ArrayExpress—a public repository for microarray gene expression data at the EBI (original) (raw)
Abstract
ArrayExpress is a public repository for microarray data that supports the MIAME (Minimum Informa-tion About a Microarray Experiment) requirements and stores well-annotated raw and normalized data. As of November 2004, ArrayExpress contains data from ∼12 000 hybridizations covering 35 species. Data can be submitted online or directly from local databases or LIMS in a standard format, and password-protected access to prepublication data is provided for reviewers and authors. The data can be retrieved by accession number or queried by vari-ous parameters such as species, author and array platform. A facility to query experiments by gene and sample properties is provided for a growing subset of curated data that is loaded in to the ArrayExpress data warehouse. Data can be visualized and analysed using Expression Profiler, the integrated data analysis tool. ArrayExpress is available at http://www.ebi.ac.uk/arrayexpress.
INTRODUCTION
ArrayExpress is an international public repository for microarray data established at the European Bioinformatics Institute (EBI) in 2002 (1). ArrayExpress supports standards and recommendations developed by the Microarray Gene Expression Data (MGED) society (www.mged.org), including the Minimum Information About a Microarray Experiment (MIAME) (2) and Microarray Gene Expression Mark up Language (MAGE-ML) (3). Along with Gene Expression Omnibus (4) and CIBEX (5), it is one of the three repositories recommended by the MGED society (6) for storing data related to publications. The ArrayExpress suite of databases and applications comprises: (i) MIAMExpress, a web-based MIAME supportive data-submission tool; (ii) the ArrayExpress repository that provides public and password-protected access to the submitted data; (iii) a query optimized data warehouse containing a curated subset of normalized data; and (iv) Expression Profiler, an integrated online visu-alization and analysis tool. All the software in the ArrayExpress suite is open source. Here we will focus on describing MIAMExpress, the repository and the data warehouse; Expression Profiler has been reviewed recently (7).
As the number of journals requiring submission to public repositories is growing, the cost of microarray experiments is falling and as data submission tools are improving, the volume of data in ArrayExpress is growing rapidly. During the last 12 months the ArrayExpress content has grown more than 10-fold (Figure 1a), and as of November 2004, the repository contains ∼12 000 hybridizations comprising more than 300 studies from 35 species (Figure 1b). The majority of studies concern samples from Homo sapiens or Mus musculus. Slightly more than 25% of the experiments have been performed using Affymetrix arrays. Although the majority of experiments study gene expression, there is a growing volume of ChIP on Chip and Comparative Genome Hybridization data in ArrayExpress.
Figure 1.
(a) The number of hybridizations from October 2003 to September 2004. (b) The content of the database is shown broken down by species.
SUBMISSION AND CURATION
There are two major submission routes to ArrayExpress: (i) online via the MIAMExpress data submission tool, and (ii) via a MAGE-ML-based pipeline set-up with an external application or database. Currently, more than a half of all submissions have been submitted online. MIAMExpress is primarily aimed at users with no substantial local bioinformatics support and with no access to a local database providing direct deposition. No prior knowledge of the MIAME guidelines is required, as contextual help on the information required and help on the use of MIAMExpress is provided via links from the web interface. Submitters progress through a series of simple web forms to describe their experiment and upload the data files. MIAMExpress is an open source software that can be customized for use by a single laboratory, or for particular application domains. Examples of customization hosted at the EBI include the toxicology (8) and plant-specific MIAMExpress versions. MIAMExpress is now installed in 35 locations worldwide. Source code and installation information can be found at http://sourceforge.net/projects/miamexpress/.
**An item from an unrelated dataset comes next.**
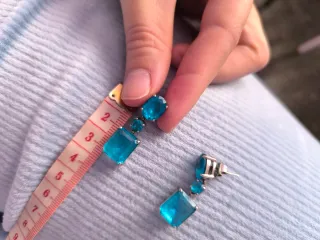 Elegantes pendientes con circonitas de un vibrante color azul y detalles plateados. - Diseño colgante con varias circonitas. - Combinación de circonitas ovaladas y cuadradas.

The ArrayExpress curation team processes each submission before it is loaded into the repository. Submissions are checked for MIAME compliance, accuracy and completeness of biological information provided, as well as for data consistency (e.g. it is checked if submitted data files match the specified array designs). During the curation process, the curation team may contact the submitter if inconsistencies in the data are found. Once the data are successfully loaded into ArrayExpress repository, the experiment is issued an accession number and a password is provided to the submitter if requested. The data in the repository are owned by the submitter, released on the date specified or upon publication in a journal and no changes are made without the submitter's consent. Where array designs are commercially available these are pre-loaded into ArrayExpress by the curators in response to user request. Information on custom-made arrays is submitted as a tab-delimited file containing position information and annotation information.
The ArrayExpress curators work with external databases when setting up a direct data-submission pipeline to ensure that data are MIAME compliant and well formatted. Once a pipeline is established, the submissions are curated at the source database and monitored by ArrayExpress curators. MAGE-ML-based pipelines have been established from 15 external databases, manufacturers or tools, including the Stanford Microarray Database (SMD) (9), MIDAS at TIGR (10), from externally installed MIAMExpress systems at Cambridge University and the European Molecular Biology Laboratory at Heidelberg, as well as the array manufacturers, Affymetrix and Agilent.
Further data curation is performed when populating the ArrayExpress warehouse from the repository. The curators select data based on their MIAME compliance, presence of normalized data and the quality of the biological annotation. Array designs are additionally annotated to the current version of the sequence databases at the EBI and up-to-date gene annotation, such as InterPro (11) Gene Ontology (GO) terms (12) and gene names are added, while the original array annotation supporting the publication is maintained in the repository.
DATA ACCESS AND QUERY
The highest level of organization in the ArrayExpress repository is the Experiment, which consists of one or more hybridizations, usually linked to a publication. The ArrayExpress query interface provides the ability to query for Experiments, Protocols and Array designs by their various attributes, such as species, authors or array platforms. Once an experiment has been selected the users can examine the description of the samples and protocols by navigating through the experiment, or they can download the data for analysis locally. The data can also be analysed and visualized online using Expression Profiler. Password-protected access to pre-publication data is provided for submitters and reviewers.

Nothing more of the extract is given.